I’m a complete sucker for beautiful medieval old towns, but this was only half the main reason I made the trip over from Dubrovnik.
The other reason is wine.
There’s a particular indigenous variety of grape called grk which is only grown on Korčula. Fascinatingly, it’s one of the few varieties that produces female flowers only and needs to be planted near to other varieties (usually plavac mali here) for pollination.
Like most Croatian islands, Korčula is long and thin. You can arrive at either end – if you catch a ferry from Split you’ll arrive at Vela Luka on the northern tip. If you ferry over from Dubrovnik, as I did then you’ll disembark at Korčula town. It’s known for resembling a miniature Dubrovnik.
Croatia’s islands are an intensely relaxing experience after the hubbub of Dubrovnik, and Korčula is no exception.
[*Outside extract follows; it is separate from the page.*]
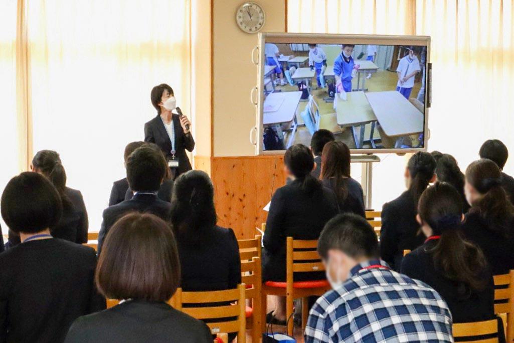 また、小学校での生活について、「ここ数年、コロナ禍の影響で児童たちも大変な時期を過ごしましたが、そのような状況だからこそ新しいチャレンジもでき、着実に成果も生まれています」と、スライドや動画を見ていただきながら話しました。特にリモートを活用して、学外の地域や海外の学校と結んでの取り組みついては、参加した保護者の皆様からも大きな関心を示していただいたようです。

Korčula Town gets its fair share of daytrippers who come over from resorts along the Dalmatian coast, but the rest of the island is sleepy and carpeting in dense black pine and vines.
As soon as you step foot off the ferry in Korčula Town – and after you’ve admired the beauty of the walled town with its elegant 17th-century staircase – you’ll notice signs saying ‘welcome to Croatia’s wine island’ and ‘wine tours available’. I feel like this fabulous notion is not marketed enough outside the island.
A wine island = heaven!
But Korčula is actually more famous for two things that have nothing to do with wine: the moreška – the island’s traditional sword dance – and for possibly, maybe, being the birthplace of Marco Polo.
I mistakenly assumed that moreška would be a tatty tourist diversion, but actually it’s pretty cool and definitely worth buying a ticket to watch the evening performance. The music is great and it has total Game of Thrones vibes. If you don’t want to shell out for a ticket there are often a few demos around town during the day.
However, you can skip the Marco Polo museum which a bit tacky (unless you like that kind of thing).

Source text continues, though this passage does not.